Originally Posted by killerk95
Obviously had he went to the hospital or ER the outcome would of been much better. Besides not having insurance, not to worry. OBAMACARE would of taken care of the poor guy.
I work in Healthcare finance and I'm disgusted. Have a friend who was a short order cook; cut his finger while working with raw chicken. When I saw it, I went ape ****; he was clearly exhibiting signs of septicemia and needed to be on the strongest of antibiotics immediately. Standard of care would have been to admit him for observation and administer the very potent Vancomycin IV. In fact, upon initial presentation in the ER, they prepared a wheel chair with an IV to admit him. But when they found out he didn't have insurance, they wrote him a prescription for antibiotics and discharged him. I believe this to be soooo wrong. That being said, he recovered just fine as an outpatient with RX, so you can argue he was treated effectively and efficiently (cost effective).
We do not like to use the word, but healthcare is rationed in the US, but it's rationed subjectively rather than objectively. Until we admit this, there is no way to establish appropriate priorities to both effectively and rationally allocate appropriate money for care in the U.S. Cheers, Kevin.

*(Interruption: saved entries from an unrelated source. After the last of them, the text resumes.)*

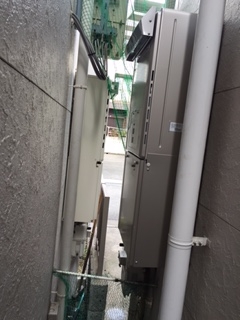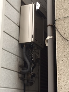 家の裏での取替え工事でした。リンナイ24号暖房機能付き給湯器エコジョーズタイプへの取替え工事でした。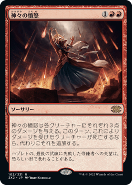 3マナで3点全体火力のカードは過去に《神々の憤怒》、《焼けつく双陽》のようなカードがありましたが、これらとは異なり、プレインズウォーカーにもダメージを与えられることが画期的ですね。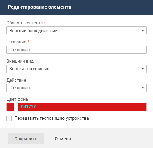 - Название — "Отклонить".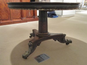 That didn’t keep us from having fun looking. The highlight for us at Sotheby’s may be a Baltimore table in the Empire style that is in poor condition and were it not once owned by President Franklin Delano Roosevelt may not bring much attention or even appear at Sotheby’s. The table was displayed with a photo showing its presence in Roosevelt’s Hyde Park Home. Finding furniture in original condition is one of the pieces of advice given by Hays at Christie’s in their September Bulletin and with missing veneer, trim and other damage, this table would certainly not qualify. But how many parlors have a major item not only owned by a president, but one of the most popular presidents?

Yep, bumped my shin on the mid-peg during a little mishap and got a small scrape. it didn't even bleed... I paid it no mind. By the late afternoon the area was swollen and very red. Went to the emergency room 2 days later and had to spend the night there on anti-biotics after they drained the wound. It seems it not bleeding was a bad thing and it got infected.
Had a similar thing happen to me on my shin. Got hit with the bottom corner of a car door. Didn't bleed, just thought it was going to bruise. A few days later I had black streaks running down my ankle, and a hole opened up I could stick my finger in where the wound was. Ended up on antibiotics and crutches for a while. Still have a big *** scar from it 20 years later.
I live in a country where we have universal health care. That means everyone has access to heath care on the same level as you would in the US with health insurance but we pay for our health care out of tax dollars instead of insurance company contributions. Yeah, you pay slightly higher taxes in this system but that portion is less than what you would pay to a health insurance provider. It's not perfect, sometimes there are waits to see a specialist for a non critical procedure, and it does not pay for prescription drugs, but over all everyone gets treated the best way possible and it works pretty well due to the efficiencies it allows. You also do not loose coverage if you loose your job or are elderly and no one looses their home over health care expenses. Another benefit of universal health care is increased life expectancy for those who do not have insurance. The average life expentency in Canada is 81.2 years, the average life expectancy in the US is 78.1 years.
When you remove the portion of health care dollars going to profits for the insurance companies, all the additional billing and accounting overhead required, and private hospitals taking their cut the cost per person for health care goes down 50% or more. I don't understand why so many people are against universal health care in the US?
Last edited by fat_tony; Jul 21, 2011 at 02:50 PM.